As dúvidas procedem das mudanças no comando no ministério da Educação e, sobretudo, da promessa do presidente Jair Bolsonaro de ler o exame de 2019 antes de sua aplicação, após criticar uma questão de 2018 que tinha como exemplo o dialeto social pajubá, fruto de línguas africanas e usado por homossexuais. O presidente não leu, garantiu Abraham Weintraub, ministro da Educação, mas o Inep criou uma comissão em março para fazer a análise e recomendar a retirada de “abordagens controversas com teor ofensivo a segmentos e grupos sociais, símbolos, tradições e costumes nacionais”. O resultado da revisão não foi revelado.
— Eu fui presidente do Inep por cinco anos e nunca vi uma prova antes. Ela é feita de forma técnica, os elaboradores são especializados.

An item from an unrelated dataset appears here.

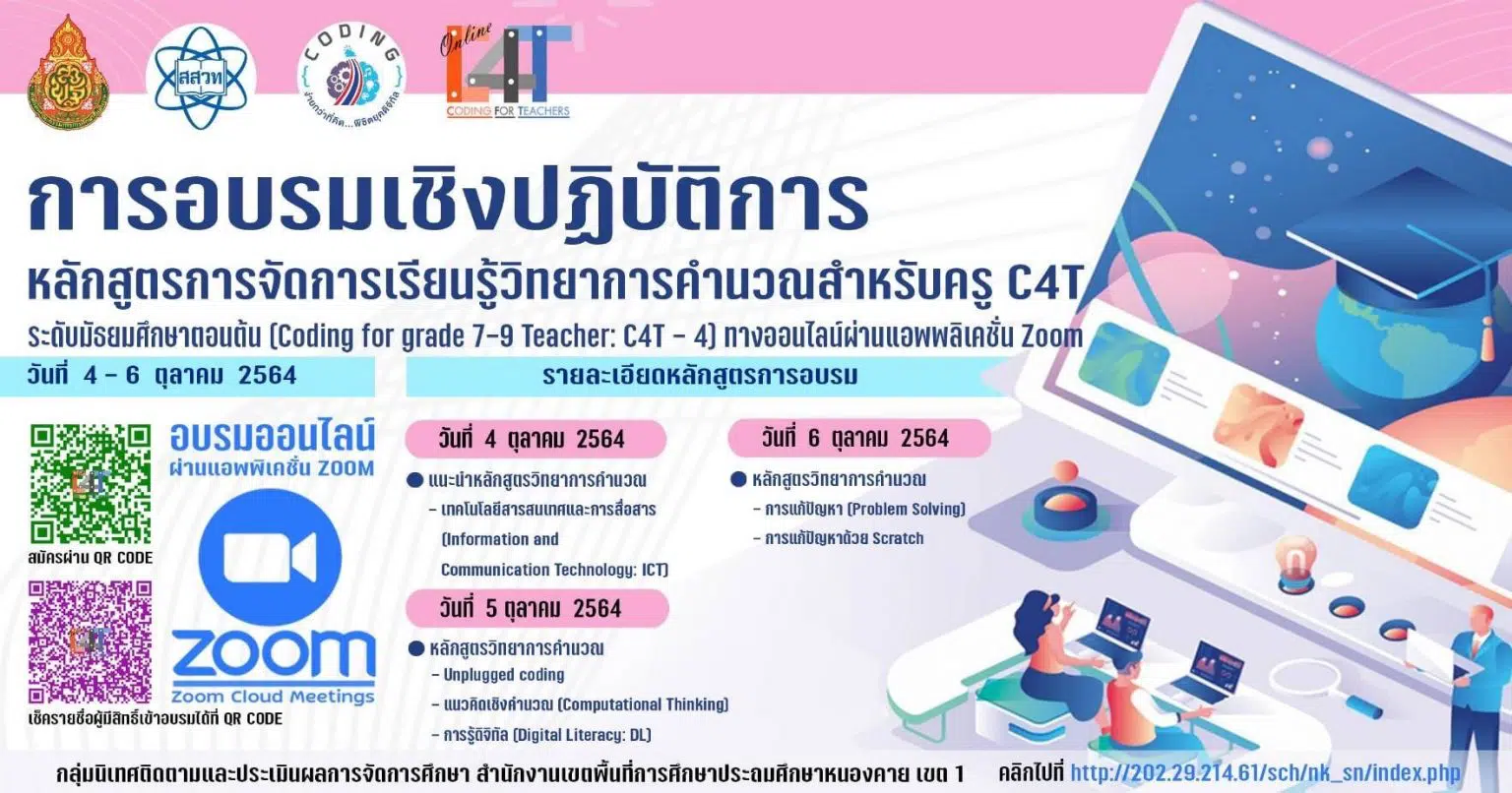 สพป หนองคาย เขต 1 ขอเชิญลงทะเบียนการอบรมเชิงปฏิบัติการหลักสูตรการจัดการเรียนรู้วิทยาการคำนวณสำหรับครู C4T ระดับมัธยมศึกษาตอนต้น วันที่ 4-6 ตุลาคม 2564 อบรมออนไลน์ผ่านแอพพลิเคชั่น Zoom
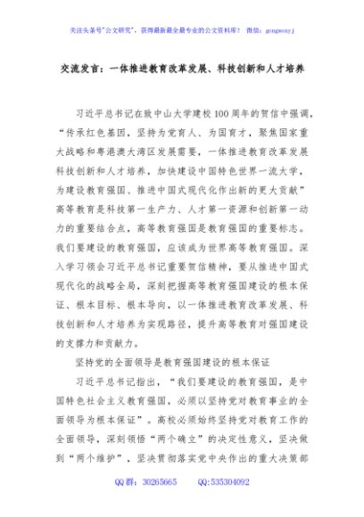 / 交流发言:一体推进教育改革发展、科技创新和人才培养

Por segurança, pouca gente vê — afirma o ex-presidente do Inep Reynaldo Fernandes, que estava em seu último ano no cargo, em 2009, quando cadernos do Enem foram furtados da gráfica que imprimia o material, levando ao reforço das regras de segurança.
Conforme Francis Madeira Sales, coordenador pedagógico do Fleming Medicina, a complexidade da metodologia de elaboração da prova é tamanha que, para excluir apenas uma questão, é preciso redefinir as demais, porque elas são distribuídas em uma escala de dificuldade. Para o professor, a queixa sobre a questão de 2018 não teve um motivo técnico e, sim, recaiu sobre o texto-base.
— O item não exigia conhecimento da “linguagem de travesti”, como se vociferou no Twitter. Perguntava apenas o que garantia ao socioleto o status de constituinte do patrimônio linguístico. Se o texto-base falasse da variedade linguística social de surfistas, por exemplo, a questão seria exatamente a mesma — avalia Sales.
Questões neutras e e sem polêmicas
Para Paulo Mottola, diretor do Mottola Pré-Vestibular, assuntos como desigualdade social e desmatamento são temas da atualidade, por isso, e não por razão ideológica do elaborador, podem cair no teste. Roberta Spessatto, professora de Linguagens do Unificado, pondera que a presença de textos sobre grupos minoritários da sociedade pode ser reduzida neste ano e Fábio Vasques, diretor de Ensino do Unificado, avalia que a tendência é de a redação evitar temas polêmicos.
Mesmo que alguma abordagem seja evitada, os professores não preveem mudanças no grau de dificuldade, nos critérios de correção e na matriz de referência. Para um jovem primo, um dos tantos estudantes que lhe fez as perguntas do início deste texto, Alavarse deu resposta e solução:
— Você não tem que pensar nisso. Você só tem que estudar, que é do que depende o seu resultado.
Alterações no futuro
Em julho, Camilo Mussi, então presidente substituto do Inep, admitiu a intenção do órgão de fazer mudanças na matriz de referência do Enem para torná-lo melhor adaptado ao Novo Ensino Médio, mas isso deve se concretizar somente para 2021.
Também foi anunciada pelo MEC a intenção de passar a aplicar os testes por computador, medida a ser adotada gradativamente, começando por uma versão piloto em 2020 com 50 mil estudantes. Quanto ao conteúdo, o ministro Abraham Weintraub disse somente que a edição deste ano não teria “questões ideológicas ou muito polêmicas”.